An Attribute-Based Access Control Extension for OpenStack and its Enforcement Utilizing the Policy Machine

Role-Based Access Control (RBAC) has been the dominant access control model in industry since the 1990s. It is widely implemented in many applications, including major cloud platforms such as OpenStack, AWS, and Microsoft Azure. However, due to limitations of RBAC, there is a shift towards Attribute-Based Access Control (ABAC) models to enhance flexibility by using attributes beyond roles and groups. In practice, this shift has to be gradual since it is unrealistic for existing systems to abruptly adopt ABAC models, completely eliminating current RBAC implementations. In this paper, we propose an ABAC extension with user attributes for the OpenStack Access Control (OSAC) model and demonstrate its enforcement utilizing the Policy Machine (PM) developed by the National Institute of Standards and Technology. We utilize some of the PM's components along with a proof-of-concept implementation to enforce this ABAC extension for OpenStack, while keeping OpenStack's current RBAC architecture in place.

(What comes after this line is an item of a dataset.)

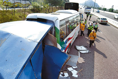 【本報訊】北大嶼山公路昨午發生城巴車長險遭「腰斬」的嚴重車禍。一輛雙層城巴,朝機場方向行駛途中,疑「跟車太貼」,當前行的2車收慢車速時,城巴煞車不及,猛然撞散前面一輛貨車的車斗,導致貨車車架恍如巨型鍘刀般插入城巴的車頭,僅差3吋便將車長鍘腰,兩車司機受傷被困。兩車挨撞後,再衝前撞向前面一輛旅遊巴及另一輛城巴,釀4車「串燒」意外;事件中,共12人受傷送院,幸各人傷勢均不嚴重。

This provides the benefits of enhancing access control flexibility with support of user attributes, while minimizing the overhead of altering the existing OpenStack access control framework. We present use cases to depict added benefits of our model and show enforcement results. We then evaluate the performance of our proposed ABAC extension, and discuss its applicability and possible performance enhancements.